From: "Avishay Traeger" <avishay@gmail.com>
To: "Matthew Wilcox" <matthew@wil.cx>
Cc: "Francis Moreau" <francis.moro@gmail.com>, linux-fsdevel@vger.kernel.org
Subject: Re: Which fs is a good example for learning ?
Date: Tue, 6 Jan 2009 08:23:33 +0200 [thread overview]
Message-ID: <c41302d20901052223w6829f617q309f364339ce42b2@mail.gmail.com> (raw)

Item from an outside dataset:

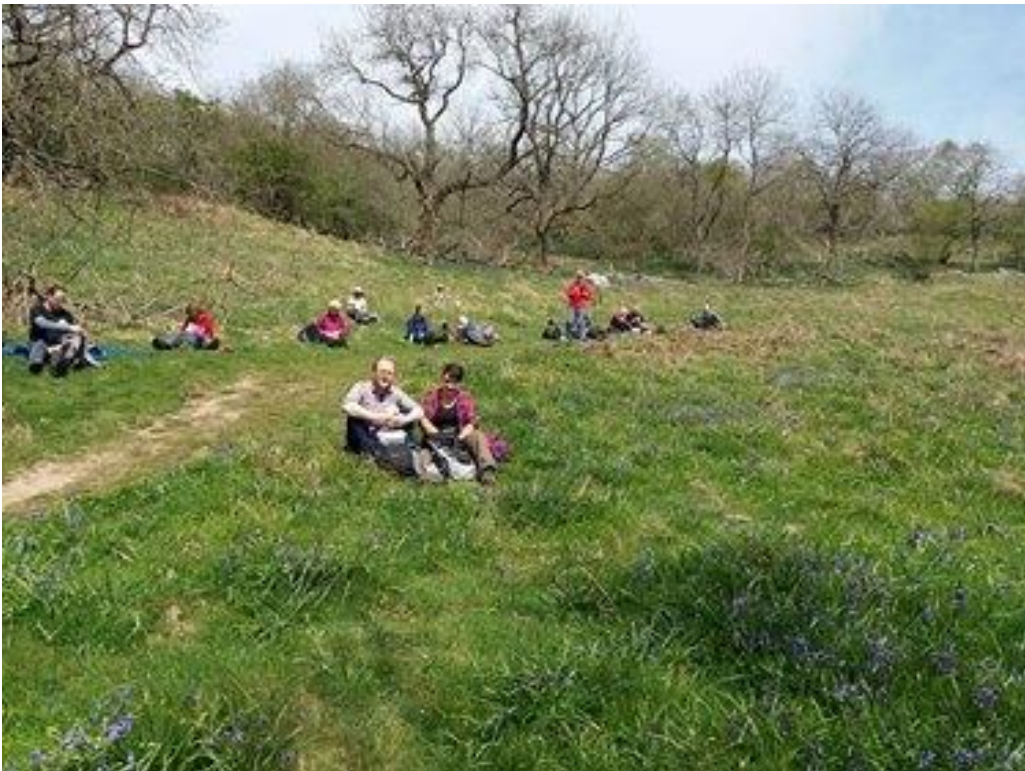
Lunch in Oxenber Woods on a sunny Bank Holiday Monday 2017

A week of walks, talks and music along the Settle to Carlisle railway line

In-Reply-To: <20090105205945.GJ2002@parisc-linux.org>
On Mon, Jan 5, 2009 at 10:59 PM, Matthew Wilcox <matthew@wil.cx> wrote:
>
> On Mon, Jan 05, 2009 at 09:40:50PM +0100, Francis Moreau wrote:
> > I'd like to learn how file systems work on Linux and I don't know
> > which file system driver I should look at to get a good picture of
> > how a contemporary file system is designed.
> >
> > The choice has to be made according some criterias: the fs shouldn't
> > be too hard since I'm pretty new in this area. Also not too
> > old/obsolete since I'd like to learn from current technology.
>
> You're giving some contradictory criteria. ext2 is probably the best
> example to learn the basics, then you can move on to whichever
> filesystem catches your fancy.
This is all a matter of opinion obviously, but I would personally
start with ramfs - it's only a couple hundred lines of code, and is
very simple since everything resides only in memory. This is useful
for looking at the API and code flow. Then you can go to a disk-based
file system like ext2 which is a bit more complex but closer to what
you're probably looking for.
Avishay
next prev parent reply other threads:[~2009-01-06 6:23 UTC|newest]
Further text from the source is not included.